I worked very hard at that job. I did everything possible to make it work. I was nice, even when I wasn't being treated nicely. I came in on days I wasn't supposed to work. I thought I was doing my absolute best, but my best was not good enough.  I had problems because of my bipolar disorder. I was told after they fired me that I had a "negative" attitude. Did I? Maybe. Does this mean I should not work? Maybe. I certainly qualify for the disability payments I receive, but it was an emotional blow to realize that there really is a reason I am on disability.

Before having so much trouble at this job, I kind of believed that if I just tried hard enough, I could go back to work. After trying as hard as I possibly could to do a job that I thought I should have been great at, I know now that I cannot work for anyone who increases my stress level. The office environment is simply not a place where I can work. It has taken me a year and I am still bitter and hurt. But I can get through the day now knowing I am working on something I enjoy so much more, setting my own hours and deciding when I am able to work. Even though I have not made a cent yet from my writing, I am happy doing it. And I am lucky that the government agrees that I cannot go out into the work force, which allows me the opportunity to do just that.
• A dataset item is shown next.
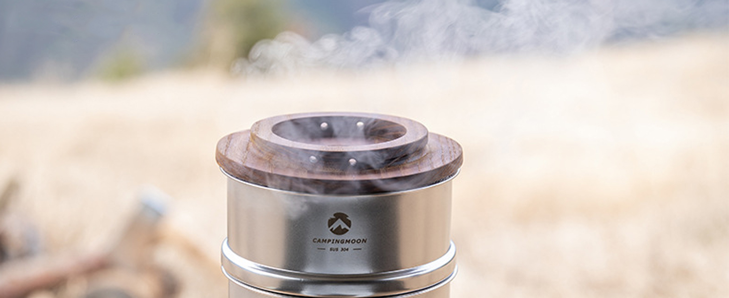 A stainless steel mini steamer with wood lid. *This mini steamer needs to be used with Sierra cup that is sold separately.

I really hope that someday the disability laws are enforced the way that they are meant to be enforced and that employers will see mental illness as just another disability. Accommodations should be made for mental illness just as they would be for people in wheelchairs. It's a shame that we still feel as if we can't tell potential employers up front about our illnesses. But it is the sad fact of life. The bald truth is that no matter how badly I was treated, I should have been able to deal with it and figure out how to handle it and I couldn't. Would it have made a difference if I had told them up front that I am bipolar? We'll never know, but I suspect I would never have even been hired.